Your goal:
Your answer must be a word-for-word copy of the listing, with all pictures excluded.

Data block:
^^^^^^^^
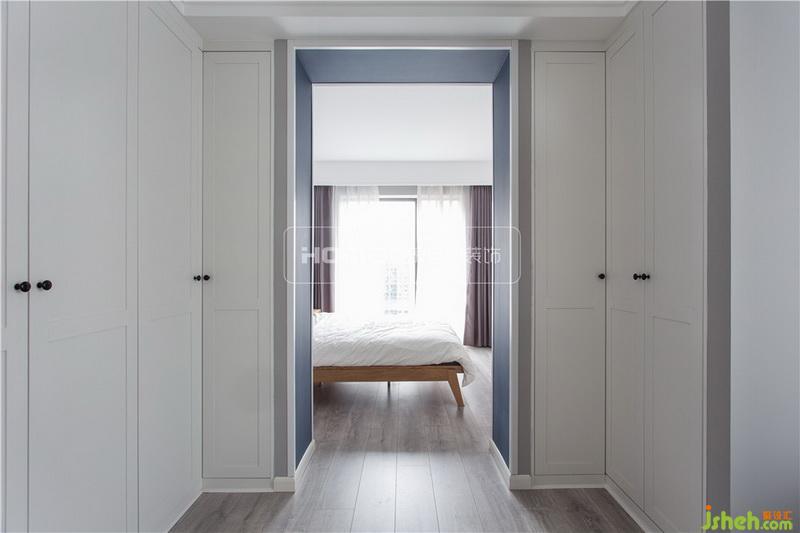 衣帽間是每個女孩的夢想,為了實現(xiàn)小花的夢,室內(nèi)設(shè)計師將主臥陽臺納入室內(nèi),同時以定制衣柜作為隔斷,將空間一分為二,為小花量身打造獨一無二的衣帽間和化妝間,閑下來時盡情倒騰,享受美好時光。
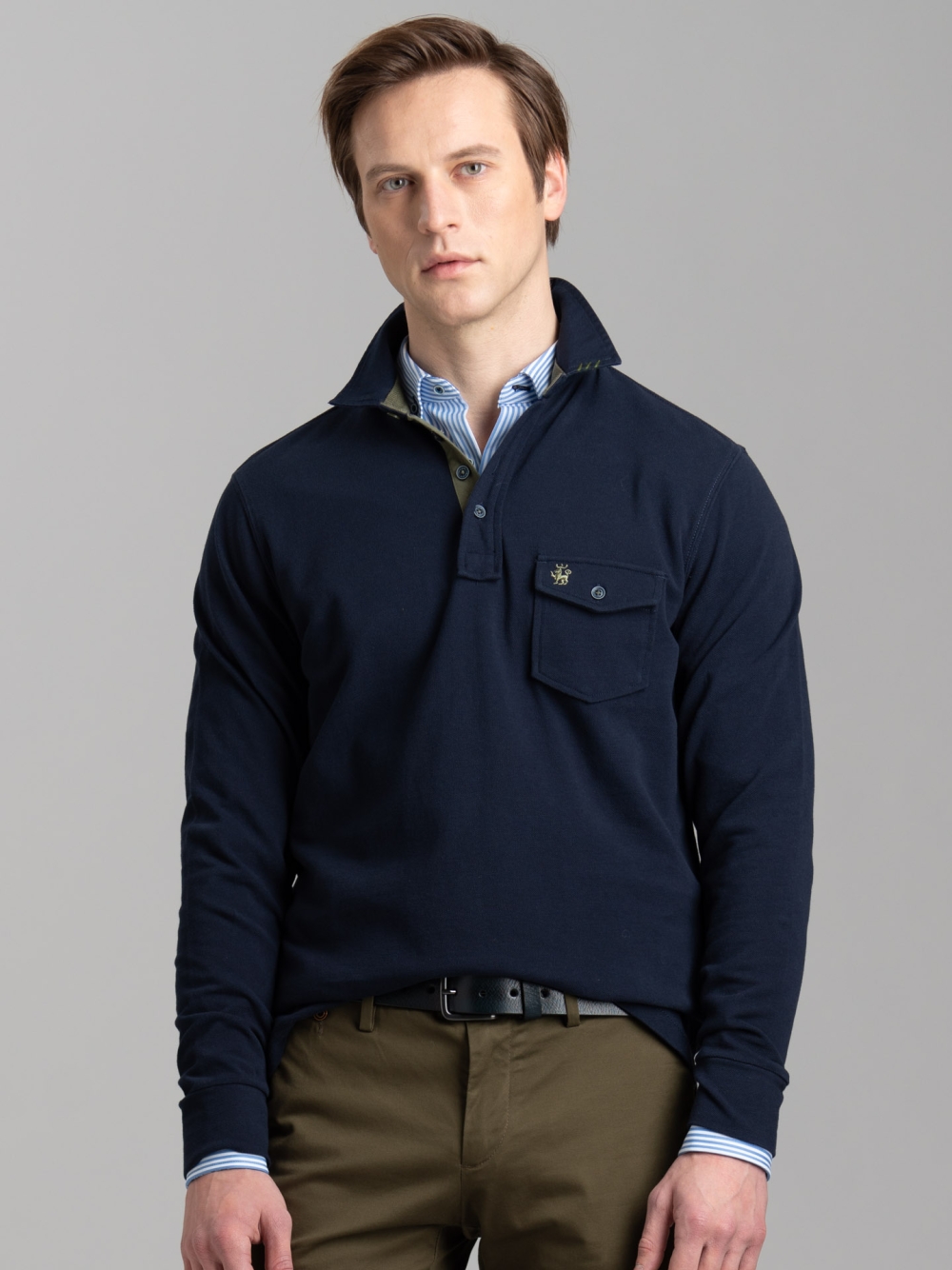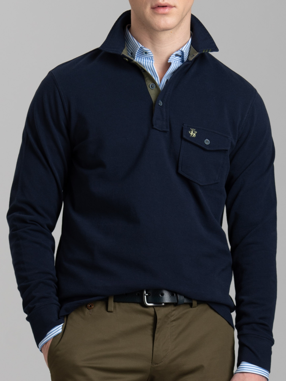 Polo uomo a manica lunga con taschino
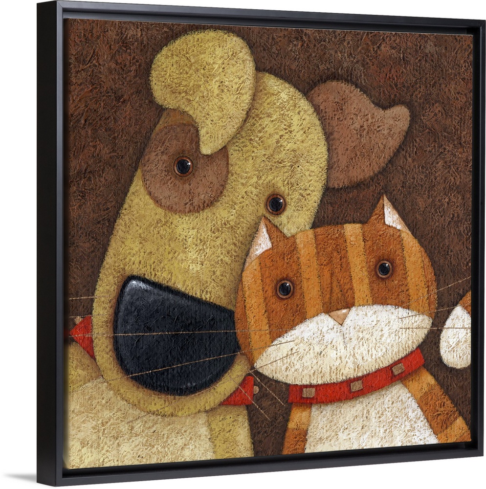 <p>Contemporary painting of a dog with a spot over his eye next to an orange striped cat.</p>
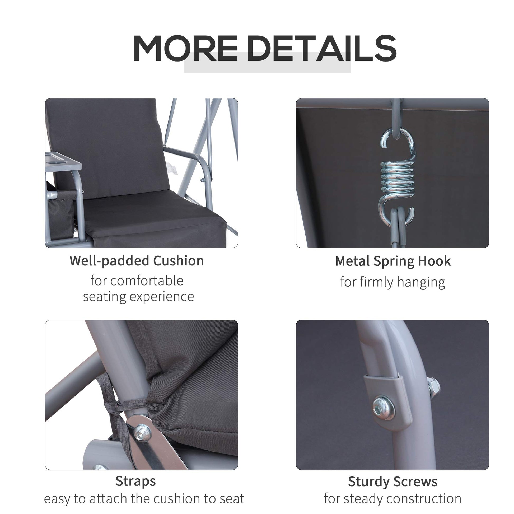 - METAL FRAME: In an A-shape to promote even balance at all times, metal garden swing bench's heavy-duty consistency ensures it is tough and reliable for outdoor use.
^^^^^^^^
Result for this task:
 衣帽間是每個女孩的夢想,為了實現(xiàn)小花的夢,室內(nèi)設(shè)計師將主臥陽臺納入室內(nèi),同時以定制衣柜作為隔斷,將空間一分為二,為小花量身打造獨一無二的衣帽間和化妝間,閑下來時盡情倒騰,享受美好時光。
 Polo uomo a manica lunga con taschino
 <p>Contemporary painting of a dog with a spot over his eye next to an orange striped cat.</p>
 - METAL FRAME: In an A-shape to promote even balance at all times, metal garden swing bench's heavy-duty consistency ensures it is tough and reliable for outdoor use.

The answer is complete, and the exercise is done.